» Task directions: From the entries below, copy exactly the lines from the one that contains "sz6 40‘s-50‘s Navajo" through the one that contains "In vista della", both included, and only those.

» The records:
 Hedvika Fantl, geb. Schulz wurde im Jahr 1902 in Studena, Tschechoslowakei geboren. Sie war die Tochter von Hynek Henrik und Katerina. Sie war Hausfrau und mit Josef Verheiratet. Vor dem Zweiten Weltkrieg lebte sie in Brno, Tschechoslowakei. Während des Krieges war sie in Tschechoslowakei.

--

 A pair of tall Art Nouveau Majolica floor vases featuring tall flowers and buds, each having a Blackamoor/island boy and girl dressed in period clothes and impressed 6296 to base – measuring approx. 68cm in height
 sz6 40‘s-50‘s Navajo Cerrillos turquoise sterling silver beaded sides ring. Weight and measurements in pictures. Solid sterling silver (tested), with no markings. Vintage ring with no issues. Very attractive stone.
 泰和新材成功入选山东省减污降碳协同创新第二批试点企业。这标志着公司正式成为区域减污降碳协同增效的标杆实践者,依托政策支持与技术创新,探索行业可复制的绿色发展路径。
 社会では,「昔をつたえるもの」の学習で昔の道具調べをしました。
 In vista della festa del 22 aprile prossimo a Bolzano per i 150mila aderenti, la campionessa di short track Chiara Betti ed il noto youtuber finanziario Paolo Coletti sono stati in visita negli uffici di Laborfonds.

» The completed task:
 sz6 40‘s-50‘s Navajo Cerrillos turquoise sterling silver beaded sides ring. Weight and measurements in pictures. Solid sterling silver (tested), with no markings. Vintage ring with no issues. Very attractive stone.
 泰和新材成功入选山东省减污降碳协同创新第二批试点企业。这标志着公司正式成为区域减污降碳协同增效的标杆实践者,依托政策支持与技术创新,探索行业可复制的绿色发展路径。
 社会では,「昔をつたえるもの」の学習で昔の道具調べをしました。
 In vista della festa del 22 aprile prossimo a Bolzano per i 150mila aderenti, la campionessa di short track Chiara Betti ed il noto youtuber finanziario Paolo Coletti sono stati in visita negli uffici di Laborfonds.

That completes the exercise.